Internet Censorship and Control


The Internet is and has always been a space where participants battle for control. The two core protocols that define the Internet – TCP and IP – are both designed to allow separate networks to connect to each other easily, so that networks that differ not only in hardware implementation (wired vs. satellite vs. radio networks) but also in their politics of control (consumer vs. research vs. military networks) can interoperate easily. It is a feature of the Internet, not a bug, that China – with its extensive, explicit censorship infrastructure – can interact with the rest of the Internet.

I’m proud to announce today the release of an open access collection of five peer reviewed papers on the topic of Internet Censorship and Control. These papers appear in the May issue of the IEEE Internet Computer magazine, but today we also make them available as an open access collection. The collection was edited by Steven Murdoch and me.

The topics of the papers include a broad look at information controls, censorship of microblogs in China, new modes of online censorship, the balance of power in Internet governance, and control in the certificate authority model. These papers make it clear that there is no global consensus on what mechanisms of control are best suited for managing conflicts on the Internet, just as there is none for other fields of human endeavour. That said, there is optimism that with vigilance and continuing efforts to maintain transparency the Internet can stay as a force for increasing freedom than a tool for more efficient repression.

Our Circumvention Research Does Not Support SOPA


Daniel Castro of The Information Technology & Innovation Fund recently published a paper supporting the Stop Online Privacy Act (SOPA) currently being debated in congress. In that report, he claims that research performed by us supports the domain name system (DNS) filtering mechanisms mandated by SOPA. This claim is a distortion of our work. We disagree with the use of our study to make the point that DNS-based Internet filtering works and that we should therefore use it as a means of stopping websites from distributing copyrighted content. The data we collected answer a completely different set of questions in a completely different context.

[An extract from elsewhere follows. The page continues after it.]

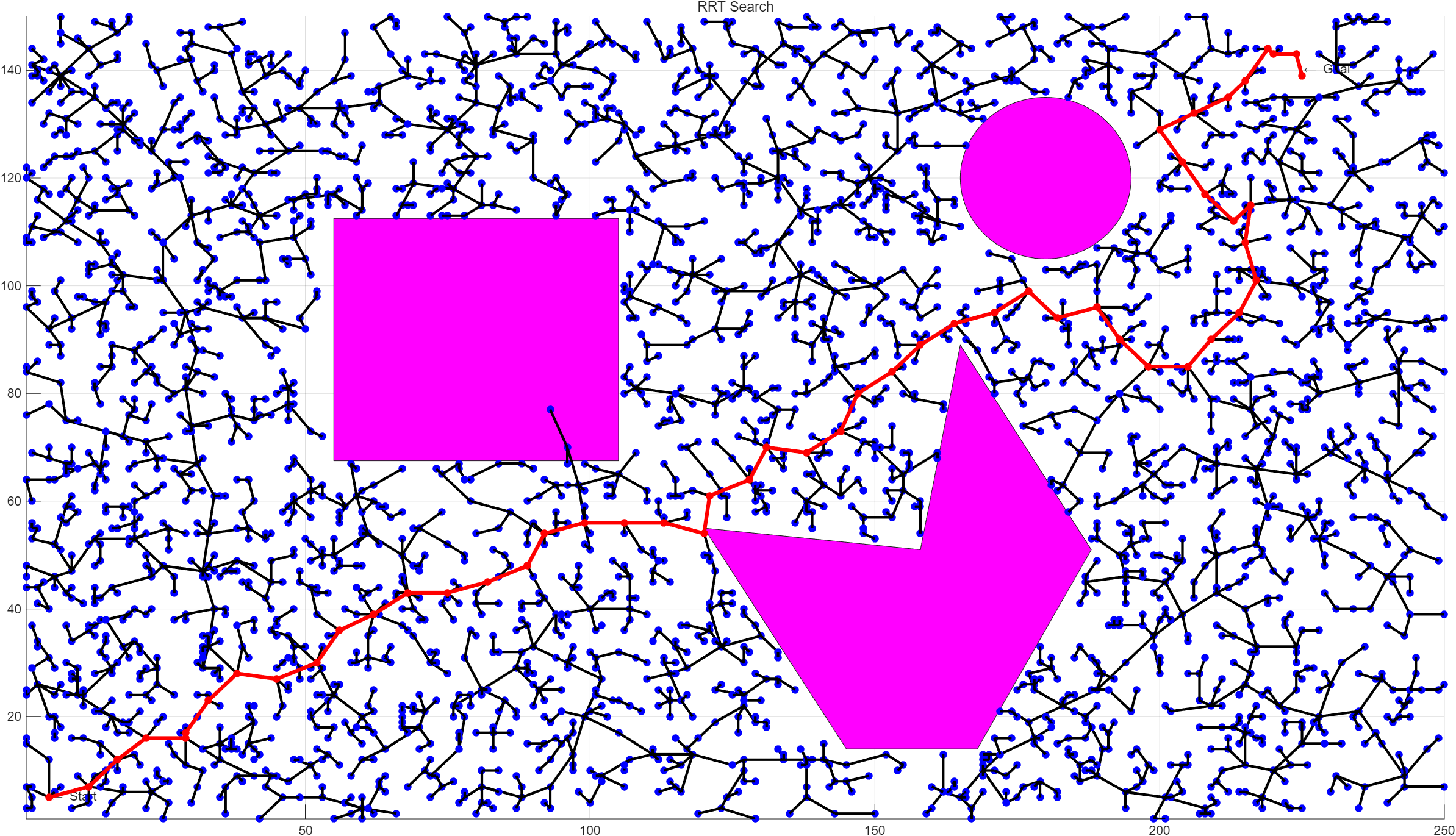 为突破上述瓶颈,快速搜索随机树(Rapidly-exploring Random Tree, RRT)算法凭借其概率完备性、对高维空间的良好适应性和快速搜索能力,成为机器人路径规划领域的主流算法之一。RRT算法通过随机采样和逐步扩展树结构的方式探索环境,无需对环境进行复杂建模,能高效处理复杂障碍环境下的路径规划问题。在此基础上,研究者们提出了RRT*算法(RRT的优化版本)和Informed RRT*算法(基于RRT*的改进版本),进一步提升了路径的优化性和搜索效率,为不同场景下的机器人路径规划提供了更高效的解决方案。

Among other provisions that seek to control the sharing of copyrighted material on the Internet, SOPA, if enacted, would call upon the U.S. government to require that Internet service providers remove from their DNS servers the names of any sites that either infringe copyright directly or merely “facilitate” copyright infringement. So, for example, the government could require that ISPs remove the name “” from their DNS servers if was not being sufficiently aggressive in preventing its users from tweeting information about places to download copyrighted materials. This practice is known as DNS filtering. DNS filtering is one of the most common modes of Internet-based censorship. As we and our collaborators in the OpenNet Initiative have shown over the past decade, practices of this sort are used extensively in autocratic countries, including China and Iran, to prevent access to a range of sites offensive to the governments of those countries.

Opponents of SOPA have argued that the DNS filtering, even though it will have a number of harmful effects on the technical and political structure of the Internet, will not be effective in preventing users from accessing the blocked sites. Mr. Castro cites our research as evidence that SOPA’s mandate to filter DNS will be effective. He quotes our finding that at most 3% of users in certain countries that substantially filter the Internet use circumvention tools and asserts that “presumably the desire for access to essential political, historical, and cultural information is at least equal to, if not significantly stronger than, the desire to watch a movie without paying for it. Yet only a small fraction of Internet users employ circumvention tools to access blocked information, in part because many users simply lack the skills or desire to find, learn and use these tools.”

In our report, we looked at three sets of censorship circumvention tools: complex, client-based tools like Tor; paid VPNs; and web proxies. We estimated usage of those three classes of tools. We used reports from the client tool developers, a survey to gather usage data from VPN operators and used data from Google Analytics to estimate usage of web proxy tools. Counting all three classes of tools, we estimated as many as 19 million users a month of circumvention tools. Given the large number of users in China, Iran, Saudi Arabia and other states where filtering is endemic, this represents a fairly small percentage of Internet users in those countries; 19 million people represents about 3% of the users in countries where Internet filtering is pervasive. We actually believe that 3% figure is high, as some of the tools we study are used by users in open societies to evade corporate or university firewalls, not just to evade government censorship.

We stand behind the findings in our study (with reservations that we detail in the paper), but we disagree with the way that Mr. Castro applies our findings to the SOPA debate. His presumption that people will work as hard or harder to access political content than they do to access entertainment content deeply misunderstands how and why most people use the Internet. Far more users in open societies use the Internet for entertainment than for political purposes; it is unreasonable to assume different behaviors in closed societies. Our research offers the depressing conclusion that comparatively few users are seeking blocked political information and suggests that the governments most successful in blocking political content ensure that entertainment and social media content is widely available online precisely because users get much more upset about blocking the ability watch movies than they do about blocking specific pieces of political content.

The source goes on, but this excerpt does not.